** Your instructions **
Could you write out every record below exactly, leaving the pictures out?
[Start of Attachment]
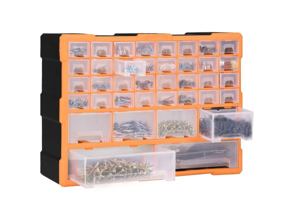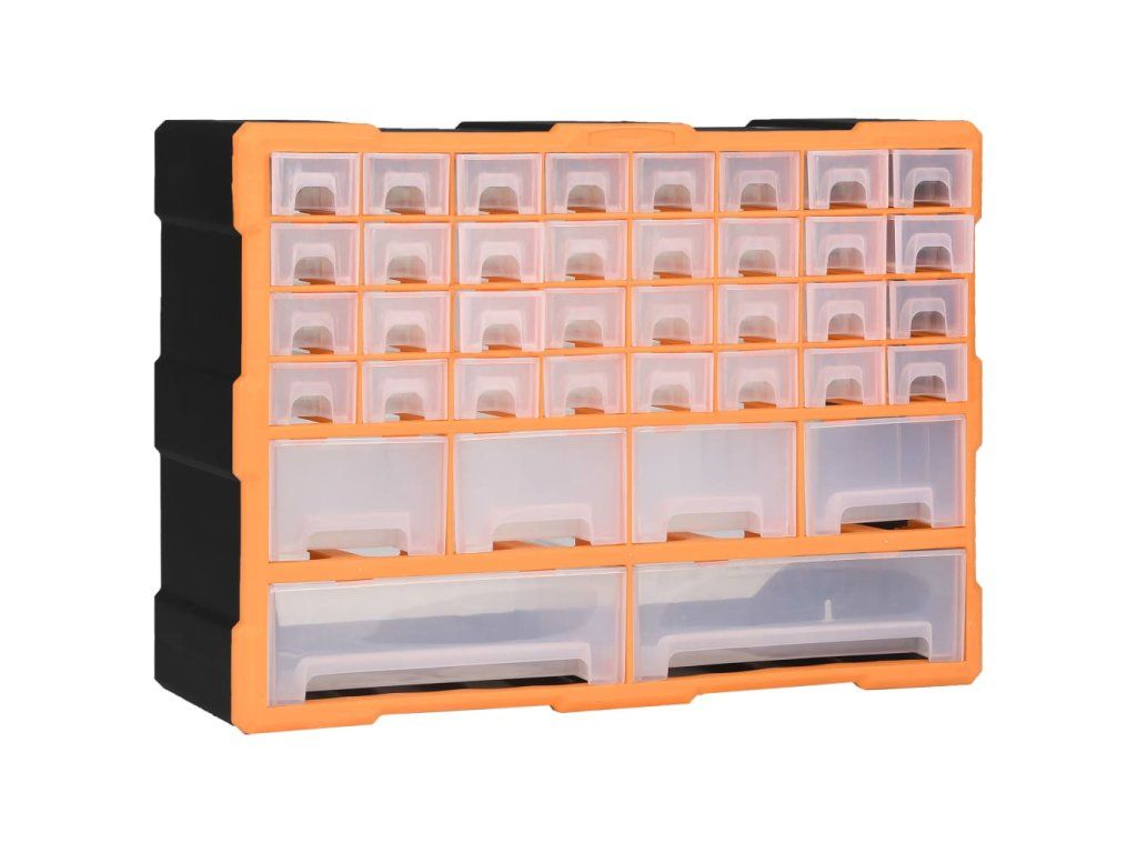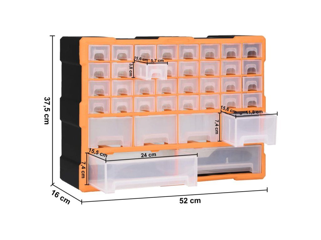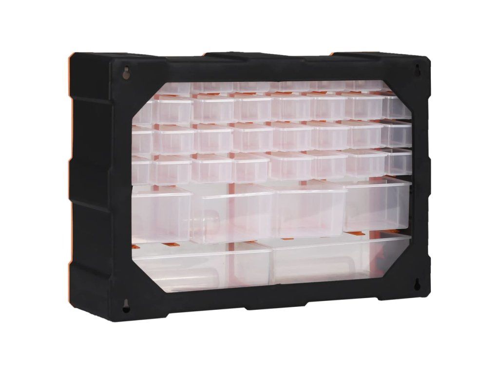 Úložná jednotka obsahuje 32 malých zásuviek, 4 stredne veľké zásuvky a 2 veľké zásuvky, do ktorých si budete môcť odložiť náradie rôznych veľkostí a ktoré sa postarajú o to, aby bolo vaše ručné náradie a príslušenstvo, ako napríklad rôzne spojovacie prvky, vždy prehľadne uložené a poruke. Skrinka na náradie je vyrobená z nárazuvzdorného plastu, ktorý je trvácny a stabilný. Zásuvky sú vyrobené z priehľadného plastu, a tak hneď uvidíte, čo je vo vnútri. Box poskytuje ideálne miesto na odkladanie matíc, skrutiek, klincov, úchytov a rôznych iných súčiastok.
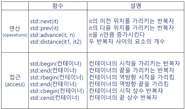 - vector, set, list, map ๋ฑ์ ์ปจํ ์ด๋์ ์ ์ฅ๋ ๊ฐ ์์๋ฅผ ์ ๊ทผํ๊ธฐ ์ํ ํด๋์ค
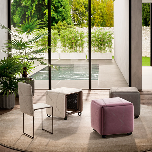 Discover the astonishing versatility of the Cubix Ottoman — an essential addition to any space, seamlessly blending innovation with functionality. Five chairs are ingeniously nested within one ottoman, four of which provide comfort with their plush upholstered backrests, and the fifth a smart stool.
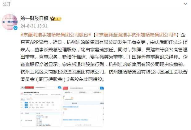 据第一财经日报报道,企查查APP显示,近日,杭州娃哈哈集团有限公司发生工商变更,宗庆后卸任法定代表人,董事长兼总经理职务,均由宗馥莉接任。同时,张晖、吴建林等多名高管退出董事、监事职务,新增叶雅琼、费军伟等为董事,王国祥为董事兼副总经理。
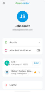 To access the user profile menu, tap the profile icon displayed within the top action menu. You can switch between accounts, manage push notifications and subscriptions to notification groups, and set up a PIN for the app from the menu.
[End of Attachment]
** Response to the exercise **
 Úložná jednotka obsahuje 32 malých zásuviek, 4 stredne veľké zásuvky a 2 veľké zásuvky, do ktorých si budete môcť odložiť náradie rôznych veľkostí a ktoré sa postarajú o to, aby bolo vaše ručné náradie a príslušenstvo, ako napríklad rôzne spojovacie prvky, vždy prehľadne uložené a poruke. Skrinka na náradie je vyrobená z nárazuvzdorného plastu, ktorý je trvácny a stabilný. Zásuvky sú vyrobené z priehľadného plastu, a tak hneď uvidíte, čo je vo vnútri. Box poskytuje ideálne miesto na odkladanie matíc, skrutiek, klincov, úchytov a rôznych iných súčiastok.
 - vector, set, list, map ๋ฑ์ ์ปจํ ์ด๋์ ์ ์ฅ๋ ๊ฐ ์์๋ฅผ ์ ๊ทผํ๊ธฐ ์ํ ํด๋์ค
 Discover the astonishing versatility of the Cubix Ottoman — an essential addition to any space, seamlessly blending innovation with functionality. Five chairs are ingeniously nested within one ottoman, four of which provide comfort with their plush upholstered backrests, and the fifth a smart stool.
 据第一财经日报报道,企查查APP显示,近日,杭州娃哈哈集团有限公司发生工商变更,宗庆后卸任法定代表人,董事长兼总经理职务,均由宗馥莉接任。同时,张晖、吴建林等多名高管退出董事、监事职务,新增叶雅琼、费军伟等为董事,王国祥为董事兼副总经理。
 To access the user profile menu, tap the profile icon displayed within the top action menu. You can switch between accounts, manage push notifications and subscriptions to notification groups, and set up a PIN for the app from the menu.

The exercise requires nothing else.